Atlanta superintendent wants new elementary school in Midtown area

Atlanta Public Schools Superintendent Lisa Herring is recommending the district open a new elementary school in the building that once housed Inman Middle School. VANESSA McCRAY/AJC FILE PHOTO

Atlanta Public Schools Superintendent Lisa Herring is recommending the district open a new elementary school in the building that once housed Inman Middle School. VANESSA McCRAY/AJC FILE PHOTO

The Atlanta Board of Education on Monday will consider opening a new elementary school in the Virginia-Highland neighborhood in 2023.

The proposal is aimed at addressing overcrowding concerns at Midtown-area campuses. It would rezone an estimated 857 students from three schools and create a new kindergarten through fifth grade site at the former Inman Middle School.

District officials have been studying building needs since 2019. Several ideas surfaced for how to best use the old middle school building, dividing parents and neighborhoods over the last few months.

”Our engagement provided a deeper understanding of the impact these decisions have on each school, neighborhood, family and student,” states Superintendent Lisa Herring’s proposal. “In developing these APS recommendations, we focused on our shared values of excellence, equity and engagement.”

The recommendation would move nearly 500 Springdale Park Elementary School students to the new elementary school. Another 171 students who live in the Inman Park neighborhood would shift from Mary Lin Elementary to Springdale Park.

As a result, Springdale Park’s enrollment would drop from 801 to an estimated 484 students.
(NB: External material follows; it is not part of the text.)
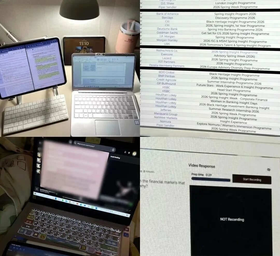 基本每一家公司 spring week 都有网测,只不过每一家用的OT题库不同。高盛去年免OT,但今年未必。OT题型多为性格测试和职场情景模拟,考察文化匹配度。HireVue需面对镜头录制1-2分钟回答。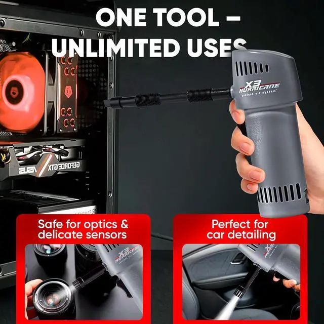 HANDHELD, LIGHTWEIGHT, COMPACT & BUILT FOR MOBILITY! Engineered for comfort and control - this cordless turbo air duster is lightweight enough for one-handed use, even during long cleaning sessions. Perfect for desk setups, car interiors, barbershops, and travel toolkits. BUILT TO LAST 5 YEAR WARRANTY Engineered in the USA with a brushless motor, rugged design, and super power turbo fan performance. Out performs compressed air dusters and refillable air cans.

The new school at the Inman location would enroll an estimated 677 students, which includes some students who would be rezoned there from Morningside Elementary.
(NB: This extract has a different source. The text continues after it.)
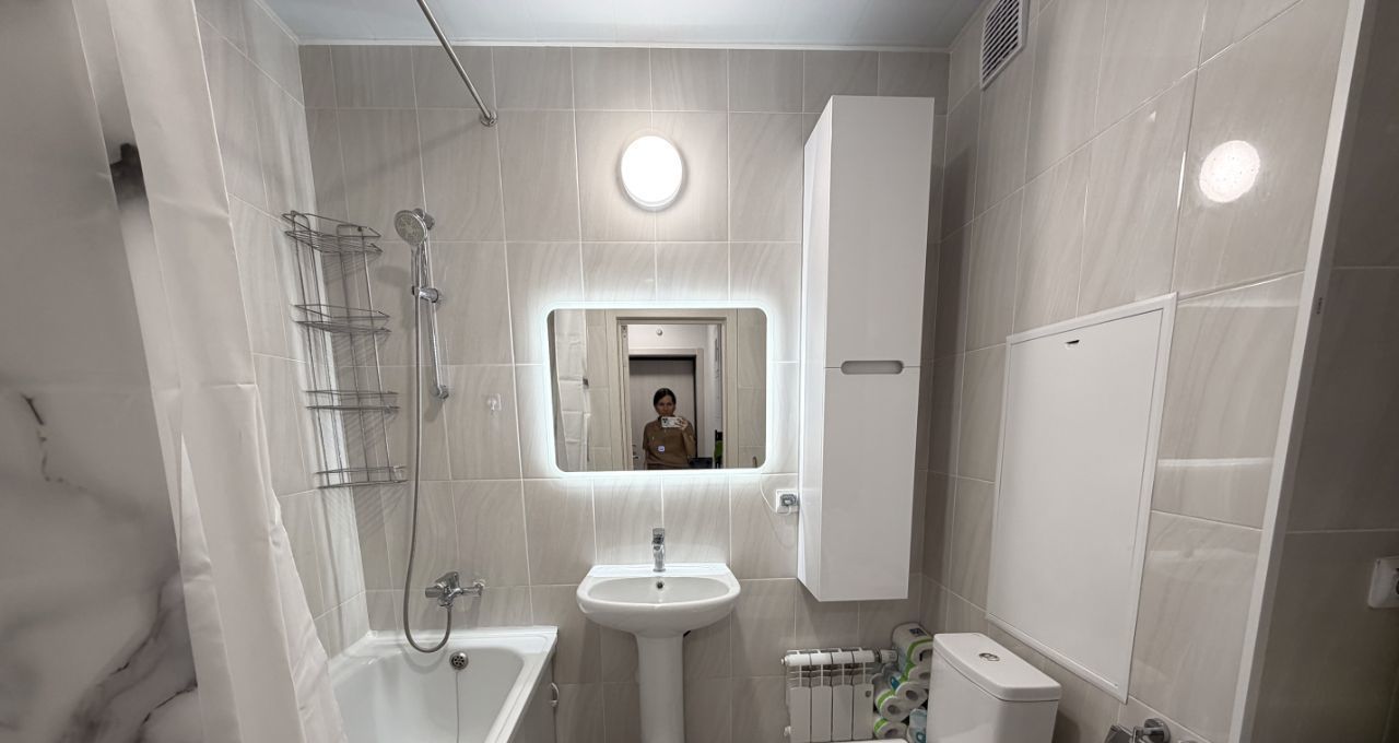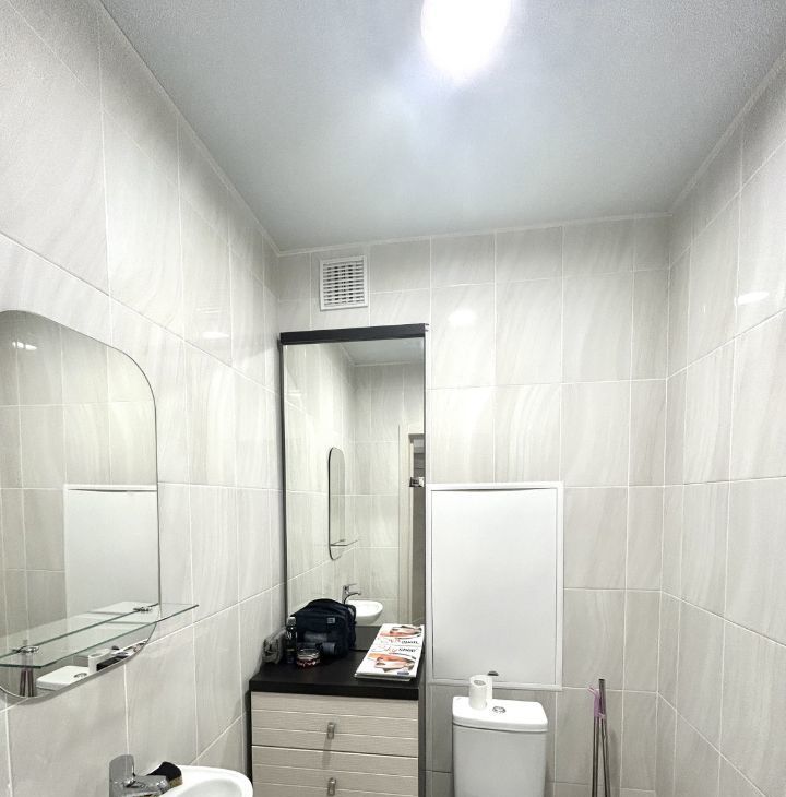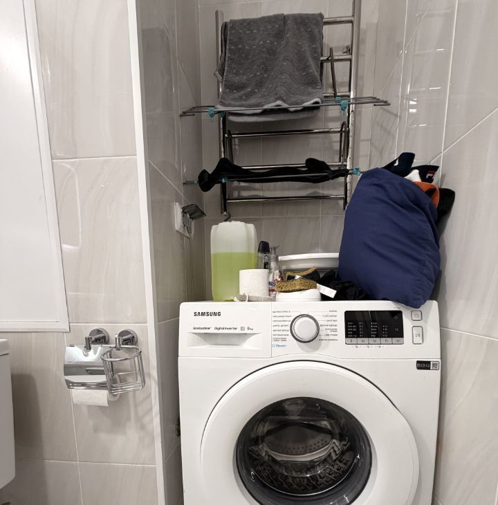 Новая стиральная машинка Samsung на 8 кг с режимом быстрой стирки 15 минут! В главной ванной зеркало с димером и подсветкой, подвесной пенал. Во втором санузле комод с зеркалом, зеркало с полкой, напольная сушка для одежды, гладильная доска, утюг, инвентарь для уборки.

The recommendation alarmed some Springdale Park families who had urged the district to turn the Inman site into a second Springdale Park campus that served older grades but maintained a unified culture and administration.

On Friday, the school’s parent-teacher organization sent an email with the nearly all-caps subject line: “ACTION NEEDED - SPARK is being REZONED.”

Parents Amy Harward and Shannon Gaggero said the recommendation would gut their school. They want the board to reject it, in part, because they think the community hasn’t had time to provide input on this specific proposal.

“People just do not know, and that is not fair to be making a decision without educating a community that is going to be so deeply affected,” Gaggero said.

Since it opened in 2009, Springdale Park has become one of the district’s highest performing schools. Launching another school so soon imposes a burden on the community and creates instability for staff, the parents said.

The superintendent’s recommendation would allow first, second and third graders to remain at their current school until they finish elementary school, if they provide transportation.

Other parents are pleased with the recommendation. Residents in the Piedmont Heights neighborhood had opposed other rezoning scenarios because they said it would have reduced the diversity of students attending Morningside Elementary. Under the new plan, children living in Piedmont Heights will remain at Morningside.

Morningside parent Shraddha Srivastav Strennen believes the recommendation makes the most sense for the community.

“We’re very grateful,” she said. “They listened to us.”

The board is expected to review the plan Monday and hold a final vote in June.